Somehow I had convinced myself that this setting was relatively safe in
our environment, due to our battery-backed controllers. I'd convinced
myself, after reading carefully through the documentation of this
setting, that I would be OK as long as that functioned correctly, and
have problems regardless of this setting if it didn't. If you show me
where I went wrong, maybe I can suggest a patch to the docs to prevent
others from going down the wrong path in this regard. (Of course, maybe
it's all there and I just had a bad day when I thought this through.)

You could get past the startup failure with pg_resetxlog, but it's

not

clear whether you'd have a consistent database afterward. What I'd
suggest first is saving a copy of the entire $PGDATA tree for

forensic

purposes

We already have this forensic copy and a replacement production copy on
this box. I think we'll need to copy to another box to get a second
forensic copy, to avoid risking an out-of-space condition. That can be
done, but it'll take a few hours.

(not to mention being able to go back to that state if you need
to).

That's not an issue for production purposes.
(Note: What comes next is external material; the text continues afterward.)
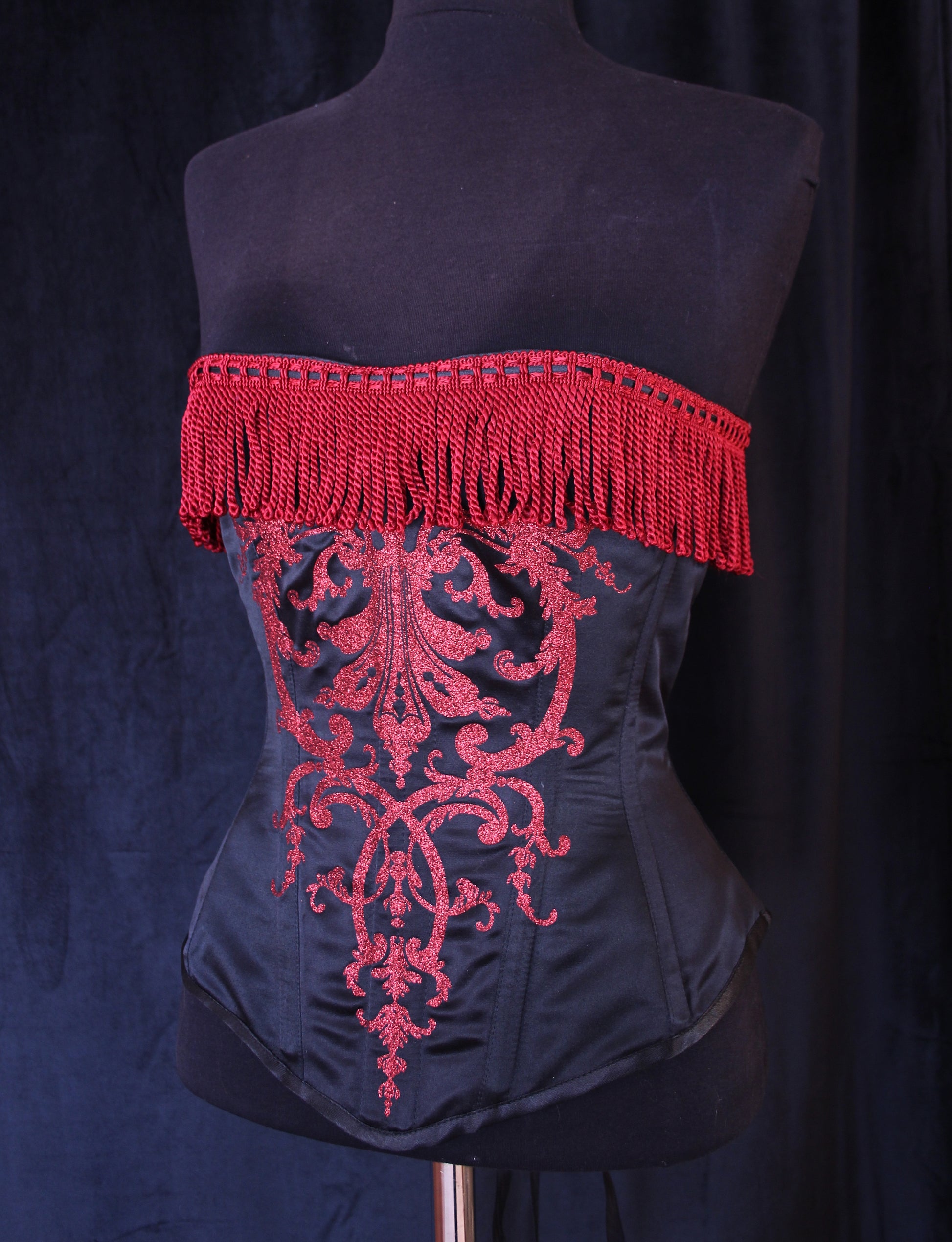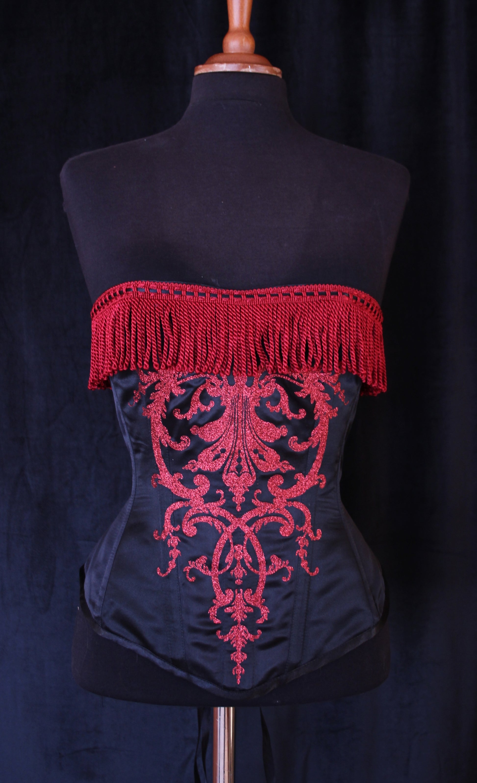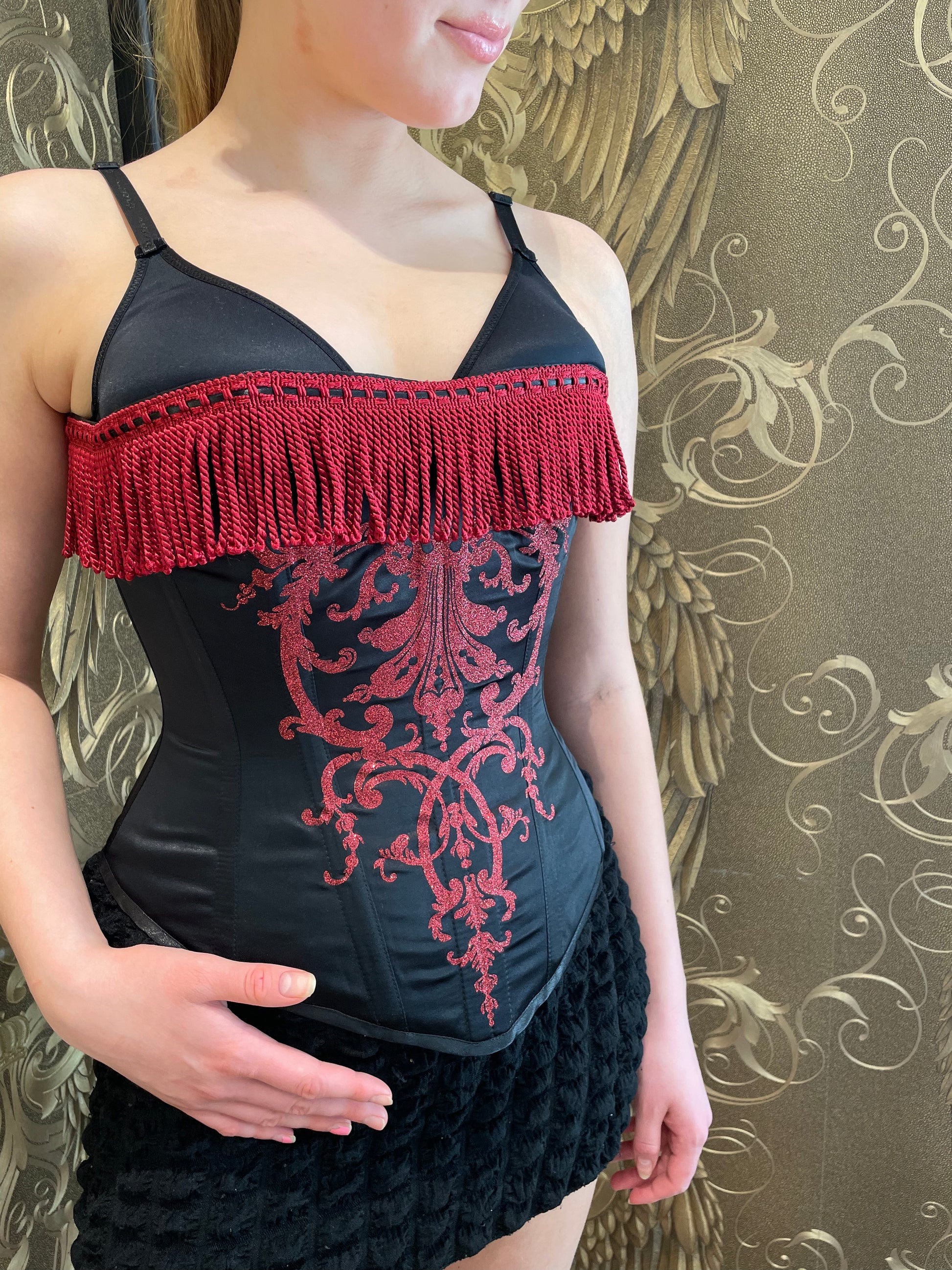 Balconette mallinen korsetti hapsuilla! Etumuksen kuviointi on glitterinen ja kimaltaa valossa. Tästä löytyy rohkeaa burleskihenkeä ja leikkisyyttä! Korsetti ylettyy vähän rinnan puolenvälin yläpuolelle, päällikangas on polyesterisatiinia, vuoritettu puuvillakankaalla.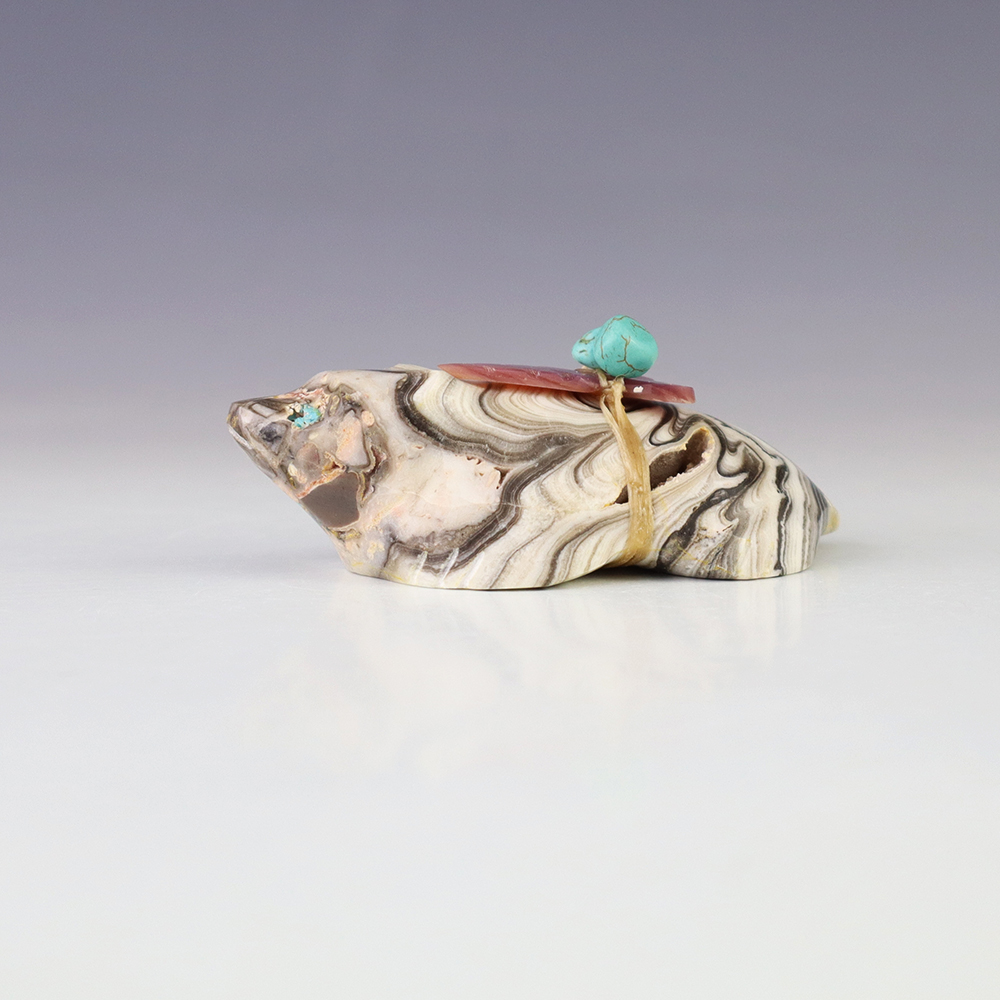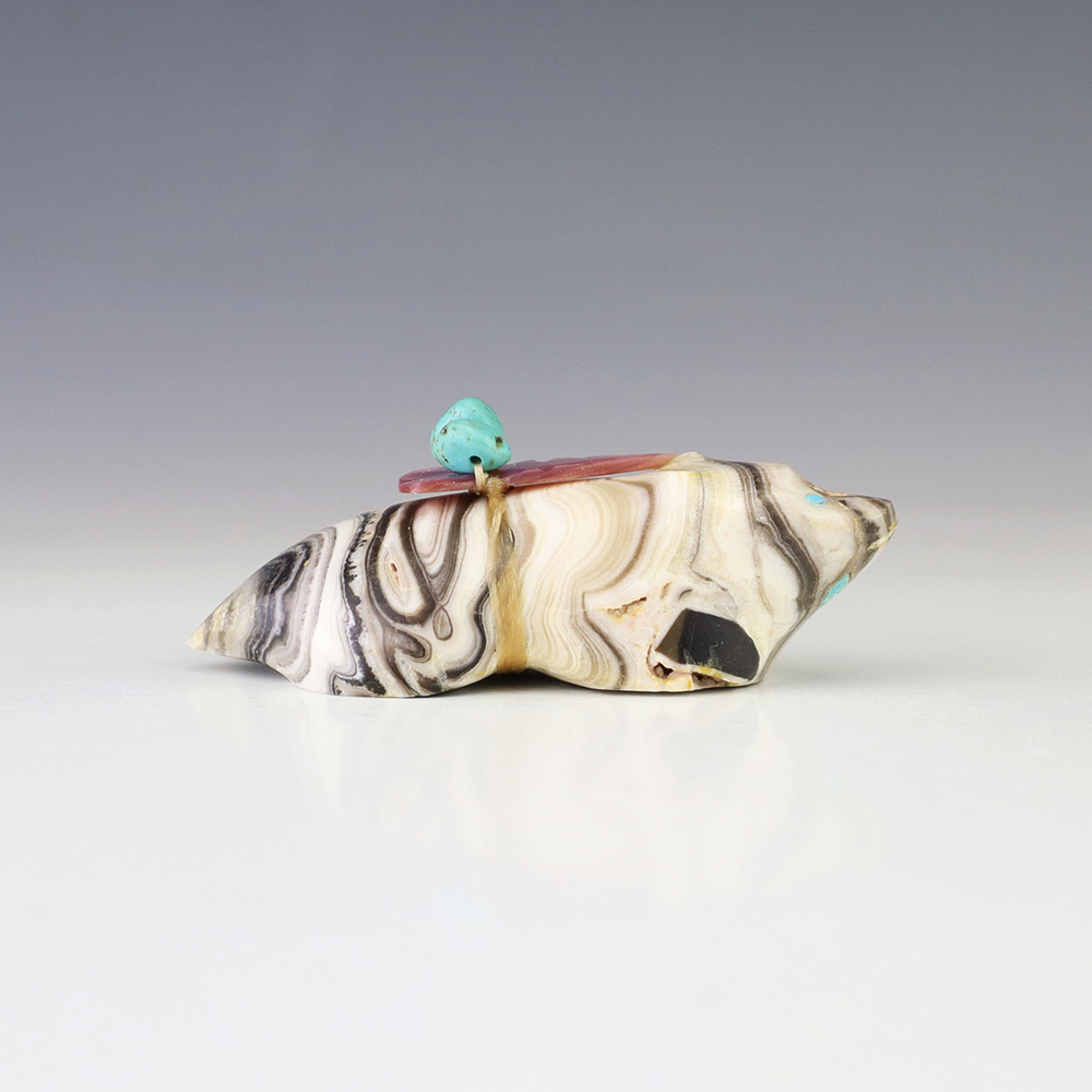 Zuni fetishes are carvings made from various materials by the Zuni people. Traditionally, fetishes served a ceremonial purpose for their creators and they represented animals and figures that were part of their culture. Today, as a form of Native American Art, they are sold to collectors worldwide. With a myriad of materials like turquoise, shell, jet, marble, serpentine, and much more, Zuni fetish carvers are able to create carvings in a style of their own.

Is there any chance of letting someone else have a look at the

database

contents?

There is a lot of data in the database which is confidential by law.
I'd have to jump through a lot of hoops to get anyone to even consider
letting me ship it off site. If you're asking whether you could access
in to our site, that might be arranged.

-Kevin

#6Tom Lane
tgl@sss.pgh.pa.us
In reply to: Kevin Grittner (#5)
Re: right sibling is not next child

"Kevin Grittner" <Kevin.Grittner@wicourts.gov> writes:

Tom Lane <tgl@sss.pgh.pa.us> wrote:

You weren't by any chance running with full_page_writes = off
were you?

Yes we were. Apparently I have misunderstood the implications of this.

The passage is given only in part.